As a FE veteran, I had many moments where I was questioning if what I was playing was actually an FE game. At times it felt like a dating sim and other it felt like a visual novel. Both of those aspects aren’t bad, but I’d be lying if I didn’t admit that some of the more interesting map designs and FE game mechanics got lost in the rebirth.
However, I pleasantly surprised by the main three lords. These three are some of the most interesting Lords to ever be in FE. I tend to have a penchant towards Dimitri since he is the most traditional FE lord with complexities and morally gray areas built into his character. The result is a character with massive amounts of depth and nuisance. The same goes for the Edelgard and Claude. I think all three complement each other as difference aspects of FE archetypes, highlighting the positive and negatives of those traits. Edelgard is the idea of empire- that only the strong would be able to rule. Dimitri is the idea of the king- that only the chosen should be able to rule. And Claude is the idea of the Machiavellian politic- that only the exploiters can rule.
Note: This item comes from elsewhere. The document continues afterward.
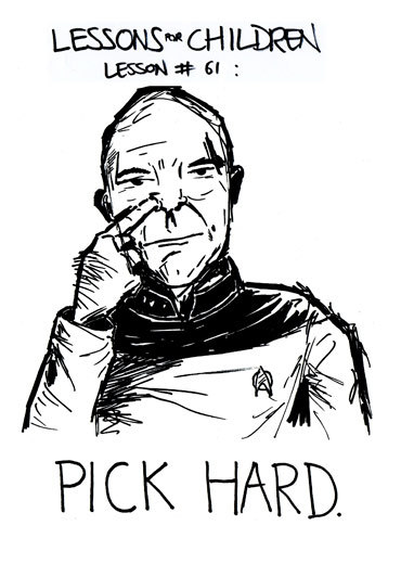 One of the many hilarious Lessons For Children comics that are put together by Paul Verhoeven for The Vine. It’s Captain Jean-Luc Pick Hard!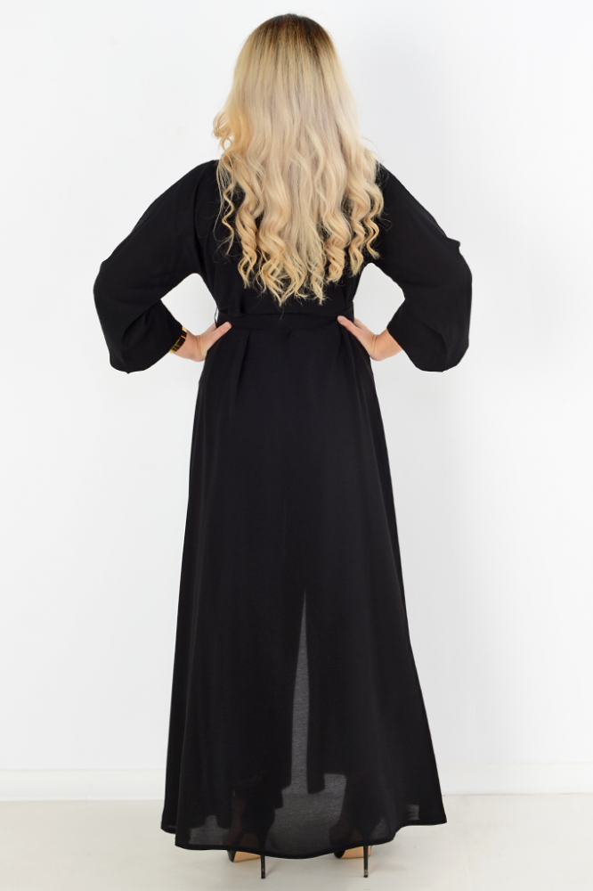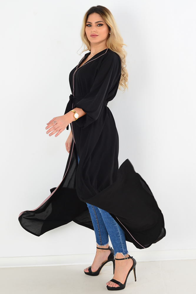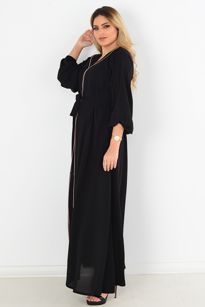 - Model Description: A black abaya with a veil made of soft fabric that comes with two beige stripes on the front and the collar increases your beauty. The abaya comes formally to suit your meetings and work times

The concepts of war, tragedy and perspective are the most interesting part of the game. However, the scope and breadth of those concepts lead directly to my biggest criticism. Most of which revolves around the writing and how the events unfold from point A to B. This problem is twofold- first from a game play perspective and second from the perspective of Byleth.
My first point is simple- the individual routes are simply too short. 21 chapters did not seem enough to wrap up each of the routes. I can’t help but get the feeling that the original story for the game was sliced up into subpar outlines to produce passable plots that end without a proper conclusion. I can’t play BE and gain closure on TWSITD, and same goes for BL. But both routes provide satisfaction for the larger geopolitical situation. Meanwhile GD rushes through the political conflicts with flippant ease only to fully delve into TWSITD as a true ending- while most of the characters have very little to do with the organization. Both Edelgard and Dimitri have more reason to seek the truth than Claude.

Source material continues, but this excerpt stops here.